### Provided material
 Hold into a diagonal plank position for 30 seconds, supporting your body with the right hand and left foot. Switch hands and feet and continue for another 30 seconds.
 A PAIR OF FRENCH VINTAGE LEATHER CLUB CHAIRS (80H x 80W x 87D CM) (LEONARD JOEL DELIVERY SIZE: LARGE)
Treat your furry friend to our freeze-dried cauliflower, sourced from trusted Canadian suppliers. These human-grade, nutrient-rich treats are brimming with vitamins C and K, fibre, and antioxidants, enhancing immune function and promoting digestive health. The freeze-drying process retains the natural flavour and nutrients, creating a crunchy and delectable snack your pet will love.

...

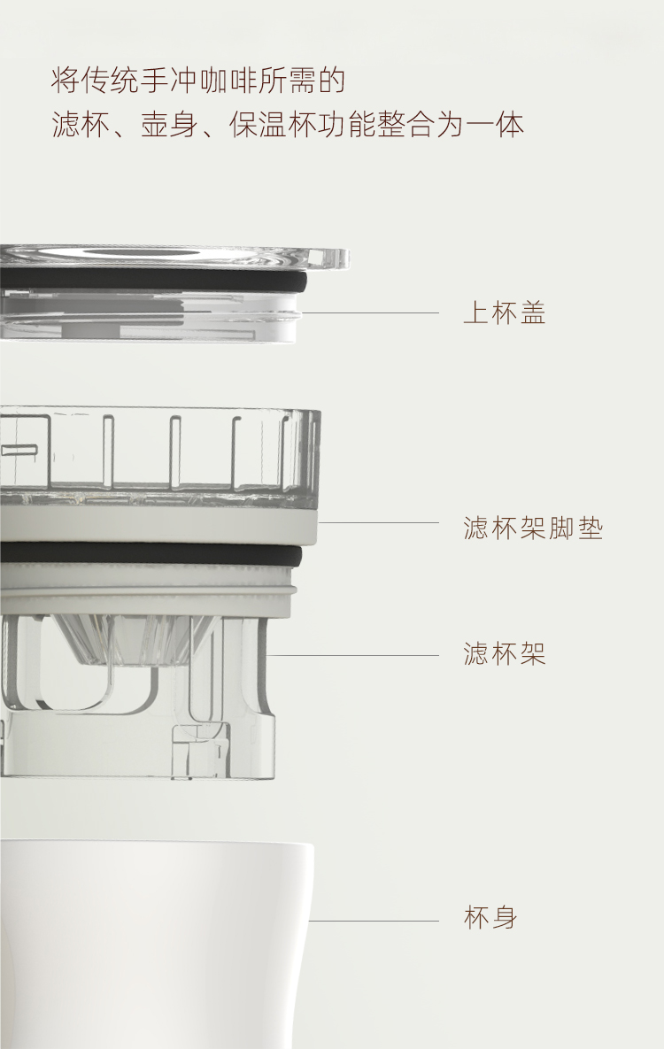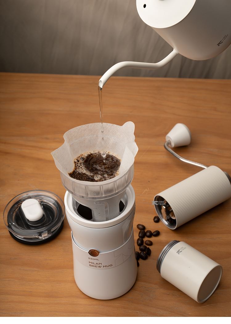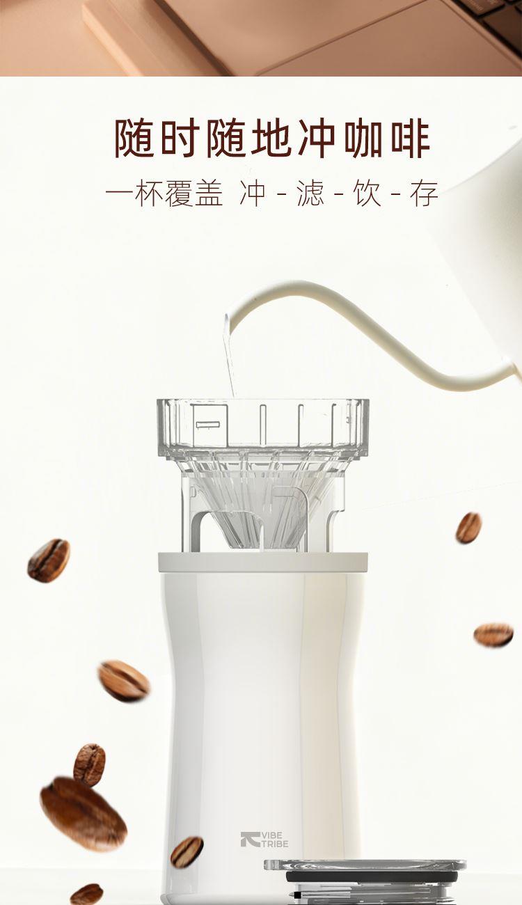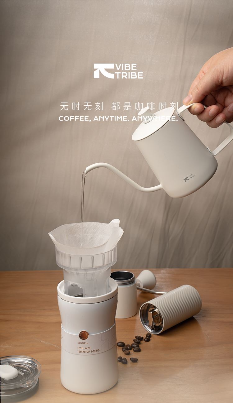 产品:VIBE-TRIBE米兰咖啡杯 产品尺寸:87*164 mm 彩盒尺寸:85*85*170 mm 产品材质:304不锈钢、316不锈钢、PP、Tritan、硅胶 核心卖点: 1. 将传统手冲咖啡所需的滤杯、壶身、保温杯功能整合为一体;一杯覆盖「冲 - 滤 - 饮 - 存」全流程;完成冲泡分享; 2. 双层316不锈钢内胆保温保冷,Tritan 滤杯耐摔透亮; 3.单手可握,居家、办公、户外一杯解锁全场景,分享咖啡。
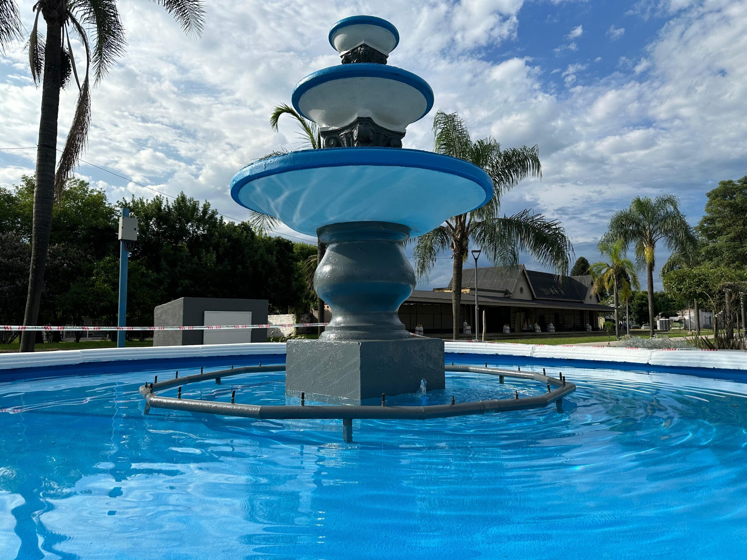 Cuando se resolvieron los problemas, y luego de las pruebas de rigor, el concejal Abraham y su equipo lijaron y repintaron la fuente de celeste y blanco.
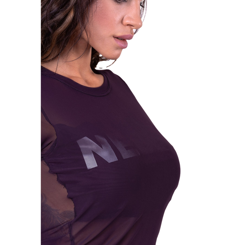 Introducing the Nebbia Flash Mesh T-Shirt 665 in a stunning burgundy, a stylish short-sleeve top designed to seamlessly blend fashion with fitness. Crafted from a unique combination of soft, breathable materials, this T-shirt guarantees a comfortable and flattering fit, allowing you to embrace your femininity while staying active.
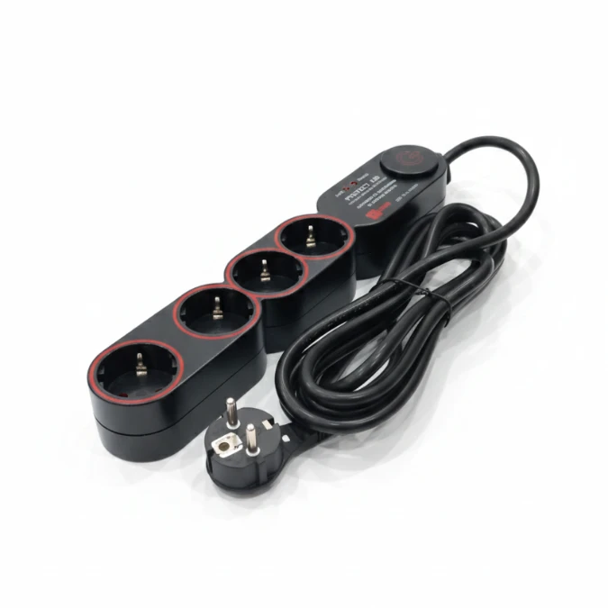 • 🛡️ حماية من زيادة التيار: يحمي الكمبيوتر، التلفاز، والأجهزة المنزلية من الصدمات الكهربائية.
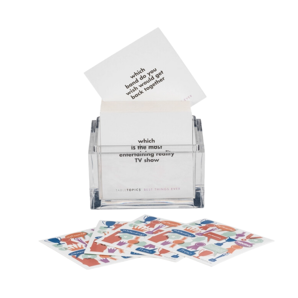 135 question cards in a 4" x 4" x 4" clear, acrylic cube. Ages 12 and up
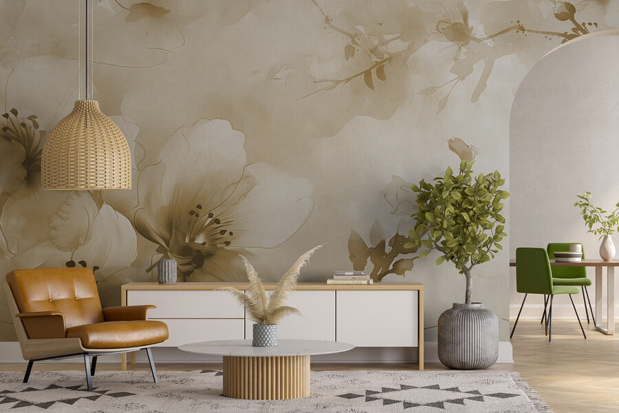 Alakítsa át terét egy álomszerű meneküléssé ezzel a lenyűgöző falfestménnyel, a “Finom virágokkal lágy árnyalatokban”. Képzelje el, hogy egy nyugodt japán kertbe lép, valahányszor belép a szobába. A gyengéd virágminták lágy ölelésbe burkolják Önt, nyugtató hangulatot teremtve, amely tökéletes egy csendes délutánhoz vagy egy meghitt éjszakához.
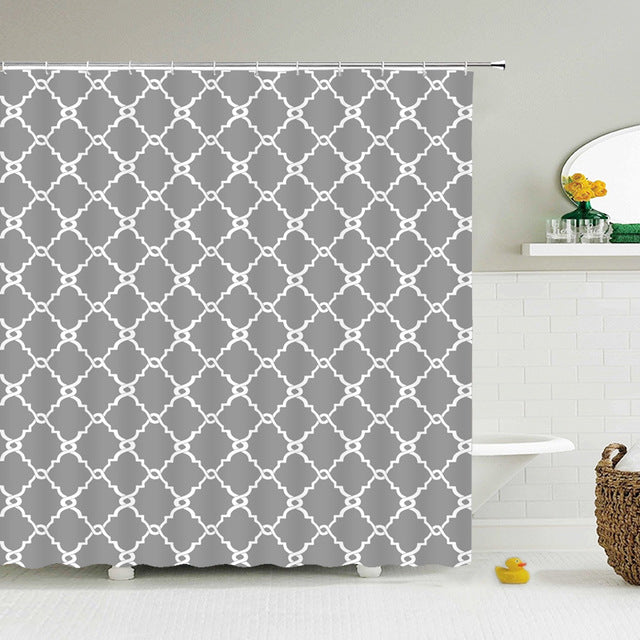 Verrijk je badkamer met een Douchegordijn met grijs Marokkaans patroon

### What you need to do
An exact transcription is needed of the lines from the one with "135 question cards" to the one with "Verrijk je badkamer" above, both ends included, with pictures left out.

### Answer to this exercise
 135 question cards in a 4" x 4" x 4" clear, acrylic cube. Ages 12 and up
 Alakítsa át terét egy álomszerű meneküléssé ezzel a lenyűgöző falfestménnyel, a “Finom virágokkal lágy árnyalatokban”. Képzelje el, hogy egy nyugodt japán kertbe lép, valahányszor belép a szobába. A gyengéd virágminták lágy ölelésbe burkolják Önt, nyugtató hangulatot teremtve, amely tökéletes egy csendes délutánhoz vagy egy meghitt éjszakához.
 Verrijk je badkamer met een Douchegordijn met grijs Marokkaans patroon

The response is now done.